続・幼なじみの不器用な愛し方
有斗の頼もしさについ頷きそうになって、ふと思い至る。


「そ……そこまで手配してくれたなら、もう大丈夫だから……有斗はうちにいてね」


なるべく平坦な声で言ったわたしに、有斗はこれでもかというほど顔を歪めた。


「何バカなこと言ってんだよ。俺も行くに決まってんだろ」

「な、何って……! まだ世間になんの発表もしてないのに、一緒に行ったら大変なことになるよ!?」


急患で深夜にやってきた妊婦の家族を名乗ったのが、神崎有斗だったら。

歳の近いただの親戚がたまたま2人で一緒にいたなんて考えにくいし、キョウダイなんて苦し紛れの嘘を吐いても、有斗が一人っ子だということは調べればすぐにわかる。

状況的には、どう考えたってまめちゃんの父親だ。


「今はそんなことどうだっていいんだよ」


穏やかだった有斗の声に苛立ちが混じった。

思わず震わせた肩に畳んでいた薄手のカーディガン、その上から有斗のシャツが掛けられる。

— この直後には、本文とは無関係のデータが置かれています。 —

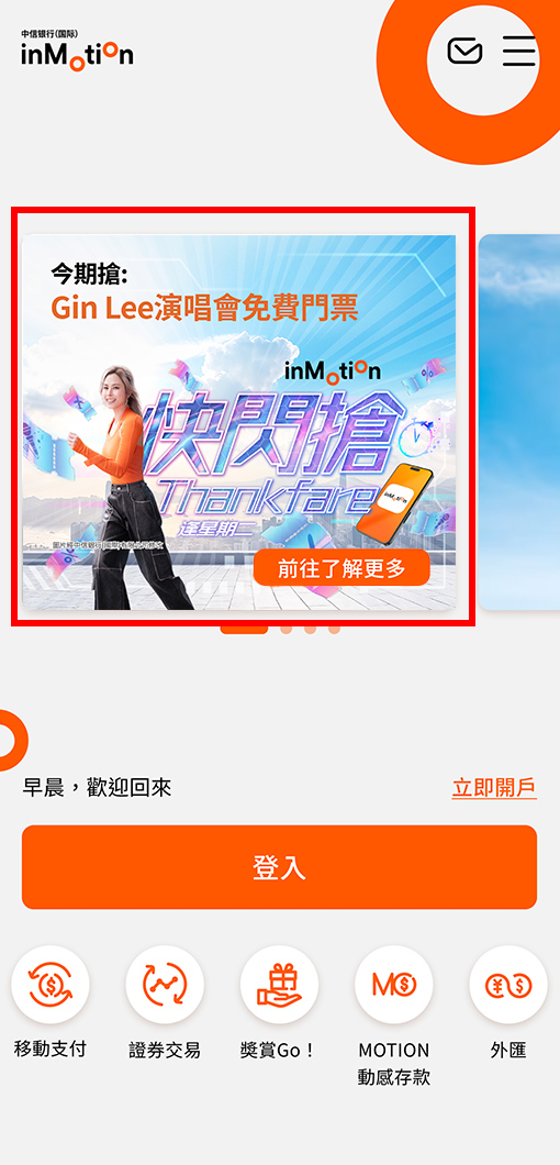 3 登入前,按「inMotion快閃搶」推廣橫幅,進入活動頁面
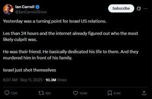Não se esqueça que apenas um dia depois de Charlie Kirk ter sido assassinado, Ian Carroll disse com absoluta certeza que Israel assassinou Charlie.
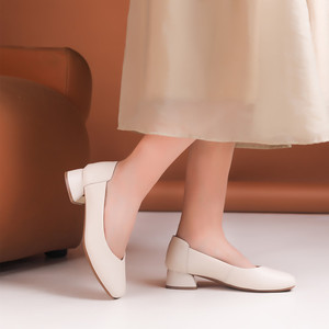 25秋マザーズシューズ本革快適ミッドヒールソフトソール中年シングルシューズスクエアトゥ小さな革靴作業靴女性の四季靴
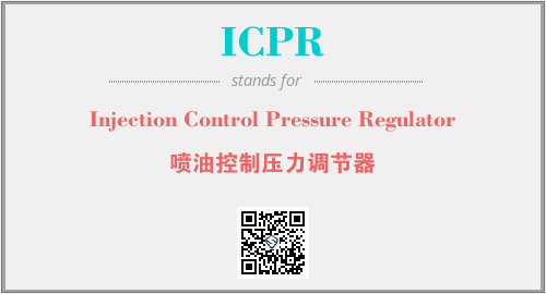 上述内容是“Injection Control Pressure Regulator”作为“ICPR”的缩写,解释为“喷油控制压力调节器”时的信息,以及英文缩略词ICPR所代表的英文单词,其对应的中文拼音、详细解释以及在英文中的流行度和相关分类、应用领域及应用示例等。
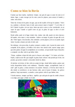 Una gota de agua se cansó de estar en el mismo lugar y le pidió al Sol que la ayudara a elevarse hasta el cielo para conocer el mundo. El Sol la convirtió en vapor de agua y así pudo subir y visitar otros lugares, haciendo amistades con los pájaros. Después de unos días se sintió sola y le pidió al viento que la ayudara a bajar para invitar a otras gotas de agua a acompañarla. Al descender se posó sobre un campo de trigo lleno de gotas de roc

「俺のことはいいから。今は、まめのことだけ考えよう」


入院バッグを取り出して、有斗がわたしの手を迷いなく取る。

わたしはもうそれ以上何も言えなくて、有斗に支えられながら階段を下り、アパートの前にやってきたタクシーに2人で乗り込んだ。




「や……やっぱり1人で来るべきだったんじゃ……」


深夜の病院の個室で点滴が落ちるのをぼんやり眺めながら、さっきの状況を思い浮かべて小さく声を漏らした。